Although this campaign based in rural and semi-rural areas, Vodafone India's focus for M-Pesa is customers from both urban as well as rural areas, from a money transfer perspective. Parallely, it is also looking at pitching M-Pesa on the payment space for making convenient bill payments too.

While an increasing number of mobile wallet companies like MobilKwik, Oxigen and Paytm are weeding out the middle-men in online payment, Vodafone M-Pesa still works on the agent based model.

"While the self registration load and usage of wallets has seen a surge, we believe the agent network will prove to be a strong differentiator for us from the money transfer and cash-out perspective, and hence, we continue to invest in making the network sustainable on a long terms basis. The agent network is a key stake holder in our business and helps us connect with our customers," asserts Sethi.

When it comes to marketing challenges, Vodafone India has to battle the ubiquitous agent network and conquer the 'fear of technology' syndrome of the TG, through various communication and on-ground activation programmes.
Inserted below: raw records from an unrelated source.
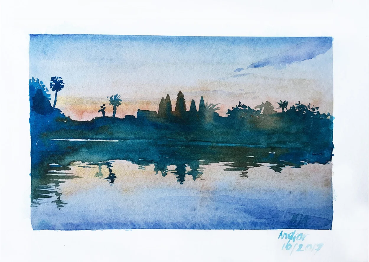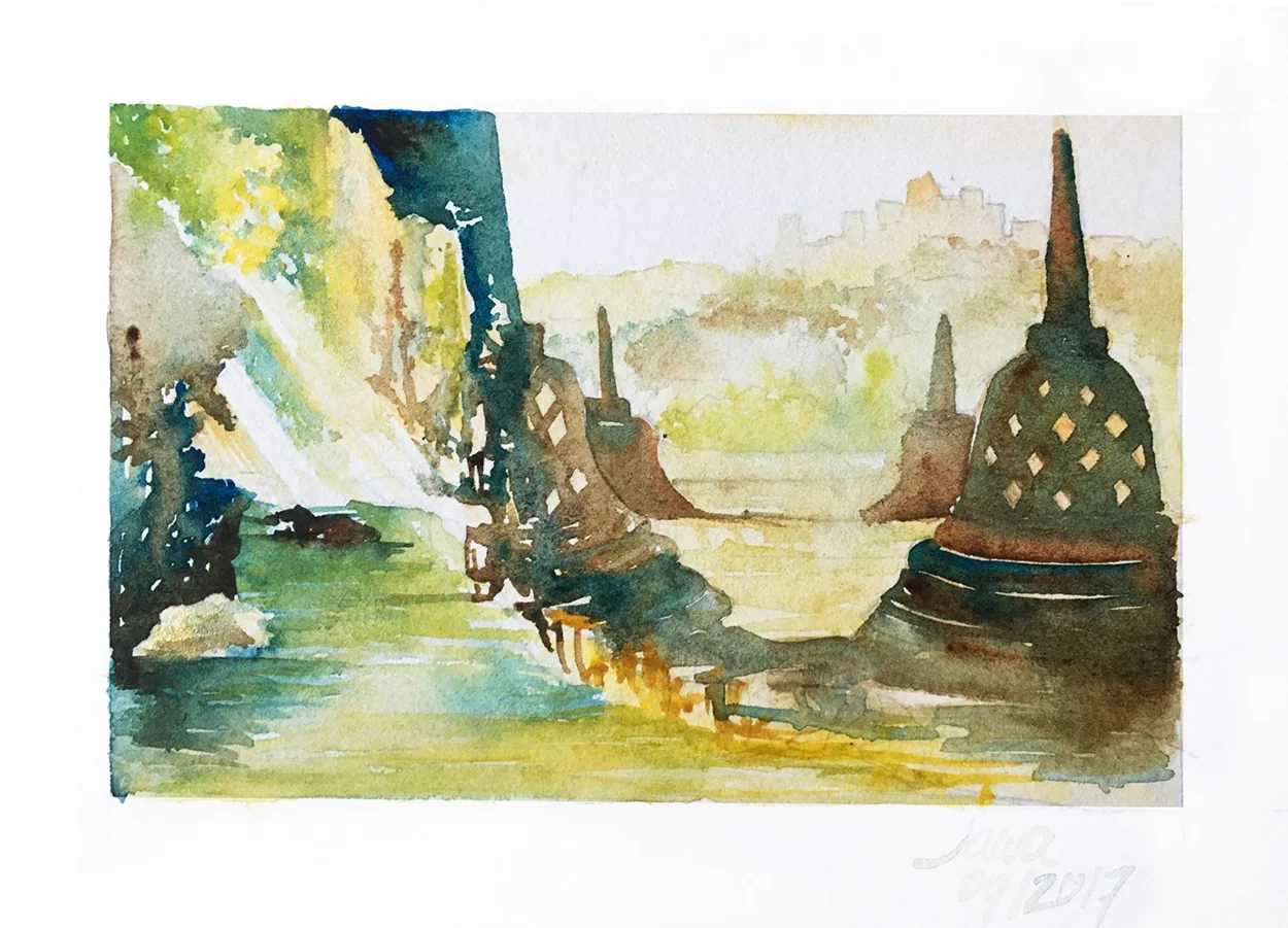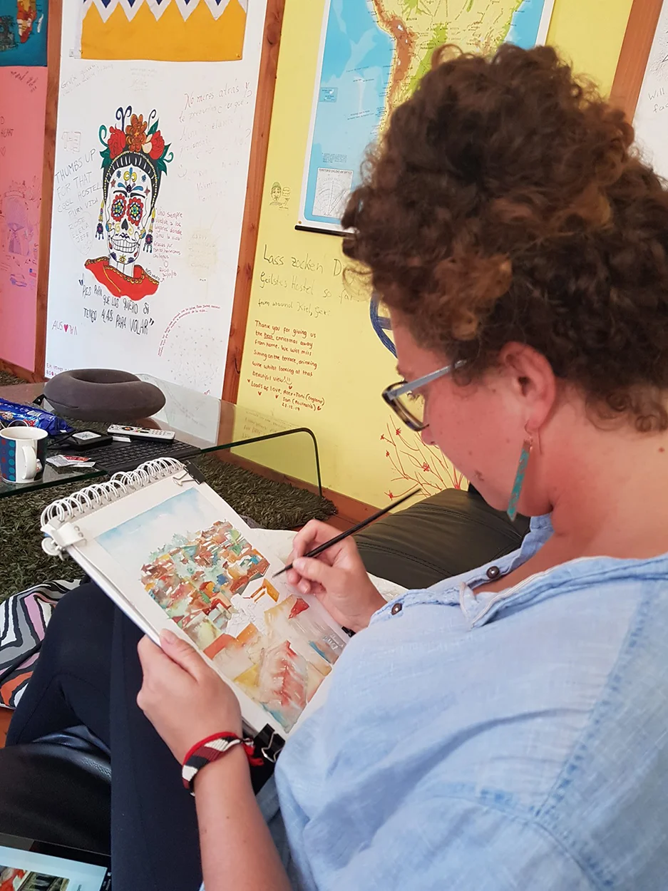 Kasia yetenekli bir insan. Daha bu seyahate çıkmadan önce “Dünya turumuzda kişisel projelerimiz olsun” diyorduk. O da ilk günden itibaren fırçasını yanına alıp gözümüzle gördüğümüz yerleri kendi yorumuyla kâğıda aktarmaya başladı.
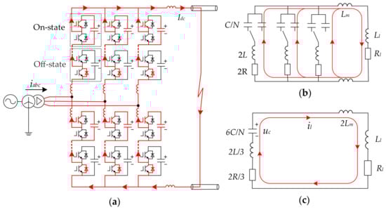 When a PPF occurs in an MMC-HVDC system, which is located at F1 in Figure 1, the fault process can be divided into three stages: the unblocked SM stage, the initial stage after the SM is blocked, and the steady stage after the SM is blocked. In order to detect a fault in a short time, it is necessary to use transient information at the beginning of the fault. Therefore, the fault transient process studied in this paper mainly focuses on the unblocked SM stage. The equivalent circuit of the unblocked SM stage is shown in Figure 3. The fault current Idc is mainly composed of the SM capacitor discharging current and AC source feeding the current. During this stage, SMs are switched to the normal operation mode, which means a total of n SMs of each phase unit are in the on-state at any time to maintain the DC bus voltage. Due to the SM capacitance voltage balance control principle, SMs are switched on and off sequentially in a short time frame. All SMs in each phase can be divided into two groups, and discharge alternately, as shown in Figure 3b. Because of the high control frequency, it can be approximated that the two groups of SMs alternately discharged are in parallel in each phase. Therefore, it can be equivalent to a second order RLC discharging circuit, as shown in Figure 3c.
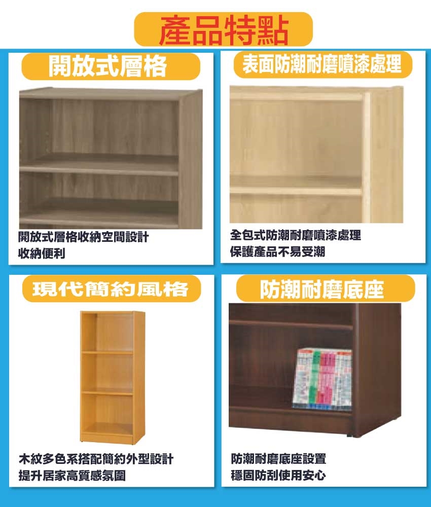 【綠家居】康永1.5尺開放三格書櫃(四色可選) 四色可選+安心材質製造,使用放心+搭配居家更便利,採用防蛀木心板+防潮耐磨底座等安心材質製造 ,外層採用防潮耐磨噴漆處理搭配採用開放多層格收納空間設計,全由專人配送到家,專業安心服務,替你省下更多時間!
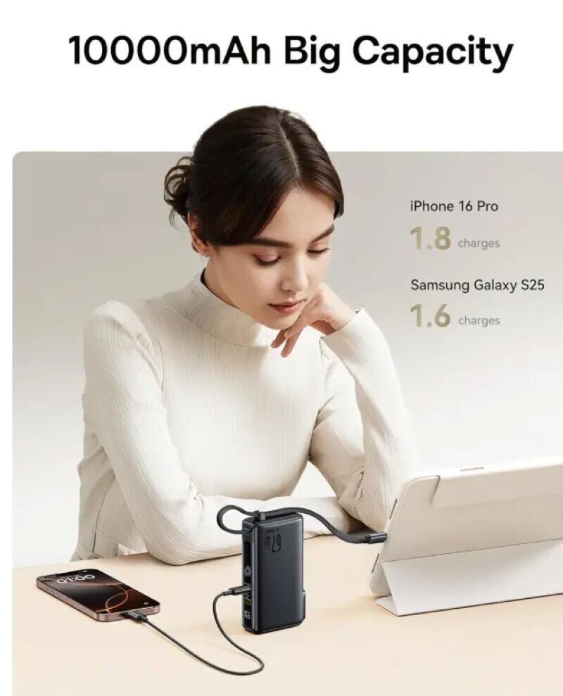Baseus Nomos NT11 — это универсальное решение формата 3-в-1, объединяющее функции внешнего аккумулятора и сетевого зарядного устройства. Модель разработана для пользователей, которым необходима высокая мощность, быстрая зарядка и максимальная универсальность в любых условиях: дома, в офисе, в путешествиях и командировках.

M-Pesa was launched by Vodafone India in 2012 and, currently, it offers services like cash transfer (to bank or mobile), pay merchants for goods and services, make bill payments, DTH and utility, among others. Customers can send a maximum of Rs.5,000 per day to another M-Pesa customer. The company claims to have over 60 per cent rural penetration and over 90,000 agents. As on March 31, 2015, it claims to have over three million customers.

Missing Connect

Subhashish Sarkar

Aneil Deepak

Subhashish Sarkar, managing partner, The Social Street, is not impressed with the concept. "The idea is nice and has the potential to go viral on social media. But, the ground reality will not let it work," he says.

According to Sarkar, it seems implausible that, in North Indian villages, men would readily give women an umbrella that might lead to violence against men themselves. "But, more importantly, though I am all for women's safety, inducing violence is not the right tactic. If a woman injures someone with the umbrella, using the techniques shown, will the brand back it up? Especially given the legal connotations, won't the brand be held responsible?," he questions.

Meanwhile, Aneil Deepak, head of ideas, DDB MudraMax and executive director, DDB Mudra Group, thinks that, while the plot of the campaign was a fertile ground to create something really heart-warming, it didn't translate well in the campaign.

"The concept of long-distance relationship, often touted as a modern-day phenomenon, actually existed in rural India for decades; with men migrating for work to bigger cities. I believe, this was an extremely interesting ground for a story plot for the campaign," says Deepak.

For him, although the intent behind the campaign was good, the idea to spin a story of self-defence through an umbrella and its integration with the brand M-Pesa does not cut ice. "If you take out M-Pesa branding in the end, this campaign can fit into any other brand's communication. The brand relevance is missing in it," he concludes.